Transfer of Manufacturing Technology. Upon Hanmi’s written notice to RAPT that Hanmi wishes to initiate transfer of RAPT Manufacturing Technology, RAPT shall and shall cause its Affiliates and RAPT’s possible Third Party manufacturers to disclose and make available to Hanmi or the Affiliate designated by Hanmi, all RAPT Manufacturing Technology that is available in written format on such date (the “Manufacturing Technology Documentation”) as soon as practicable. All such Manufacturing Technology Documentation shall be in the English language, and in sufficient detail and clarity for Hanmi or its Third Party manufacturer to understand and use the manufacturing processes disclosed thereunder.

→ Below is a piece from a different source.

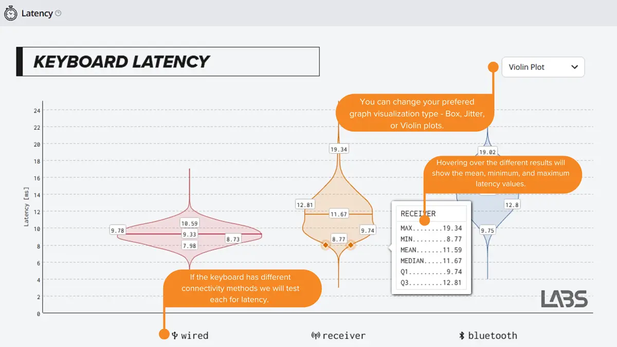 The data is visualized in various graph formats, showing the mean, minimum, and maximum latency values. We test each connectivity option - Bluetooth, Receiver, and Wired - ensuring the results are comprehensive and comparable across different keyboards.

If available in electronic form, the Manufacturing Technology Documentation shall be provided in electronic format. If requested by Hanmi, RAPT shall (and will use Commercially Reasonable Efforts to ensure that any RAPT’s Third Party manufacturer will) reasonably cooperate with Hanmi and provide up to [***] of technical assistance by RAPT’s and RAPT’s Third Party manufacturer’s technical and pilot testing personnel [***] in connection with the transfer and the implementation of such RAPT Manufacturing Technology to and by Hanmi. The cost for RAPT employees providing such assistance (including travel costs for RAPT’s employees incurred in connection with on-site visits to the Territory) shall be [***]; provided that [***], in connection with providing such assistance, subject to [***]. Any assistance in addition to such [***] shall be [***]. RAPT shall make Commercially Reasonable Efforts to ensure that the RAPT Manufacturing Technology is fully and adequately transferred to Hanmi with respect to capacity, Product quality, raw materials consumption, and other parameters agreed upon between the Parties in advance. The Parties shall, within [***] after the Effective Date, enter into a Technology Transfer Agreement setting forth further details regarding the transfer of RAPT Manufacturing Technology consistent with this Section 6.3.